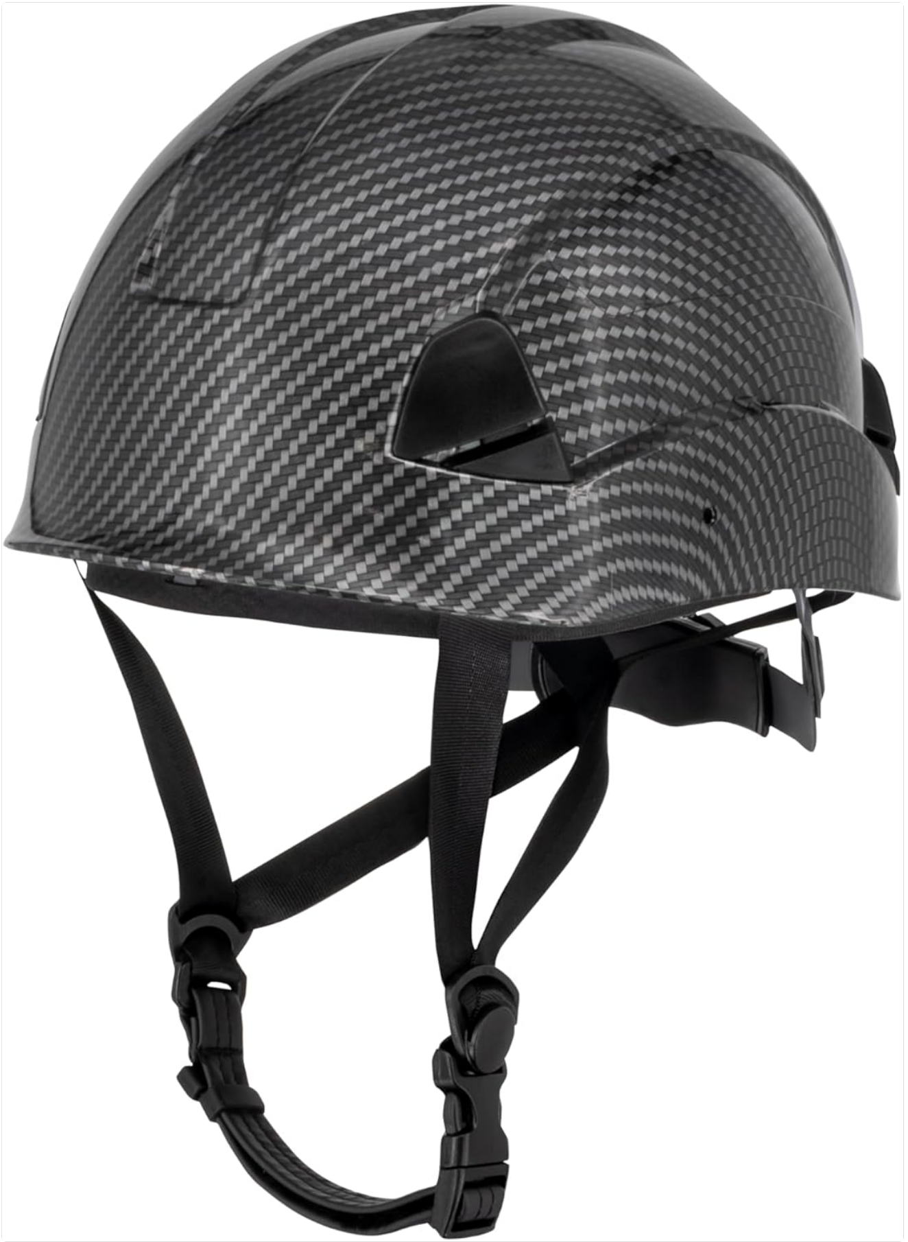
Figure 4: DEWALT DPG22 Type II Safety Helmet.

==

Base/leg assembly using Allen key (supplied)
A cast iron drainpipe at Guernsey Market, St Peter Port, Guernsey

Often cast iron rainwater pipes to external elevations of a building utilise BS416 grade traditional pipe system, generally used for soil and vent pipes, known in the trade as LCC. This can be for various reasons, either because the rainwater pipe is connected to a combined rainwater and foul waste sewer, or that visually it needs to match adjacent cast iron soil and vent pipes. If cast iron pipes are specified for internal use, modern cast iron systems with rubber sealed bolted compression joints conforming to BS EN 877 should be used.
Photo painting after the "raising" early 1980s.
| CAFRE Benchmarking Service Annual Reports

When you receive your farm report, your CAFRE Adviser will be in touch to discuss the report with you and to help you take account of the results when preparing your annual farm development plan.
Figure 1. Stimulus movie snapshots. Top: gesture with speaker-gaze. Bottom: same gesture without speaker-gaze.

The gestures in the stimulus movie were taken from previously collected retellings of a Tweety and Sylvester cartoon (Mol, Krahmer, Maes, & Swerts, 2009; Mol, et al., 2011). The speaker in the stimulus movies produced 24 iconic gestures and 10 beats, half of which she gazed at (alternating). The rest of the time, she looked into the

=== Task item ===
What lines in the data hold the word "CAFRE"? Return them.

=== Result of the task ===
| CAFRE Benchmarking Service Annual Reports
When you receive your farm report, your CAFRE Adviser will be in touch to discuss the report with you and to help you take account of the results when preparing your annual farm development plan.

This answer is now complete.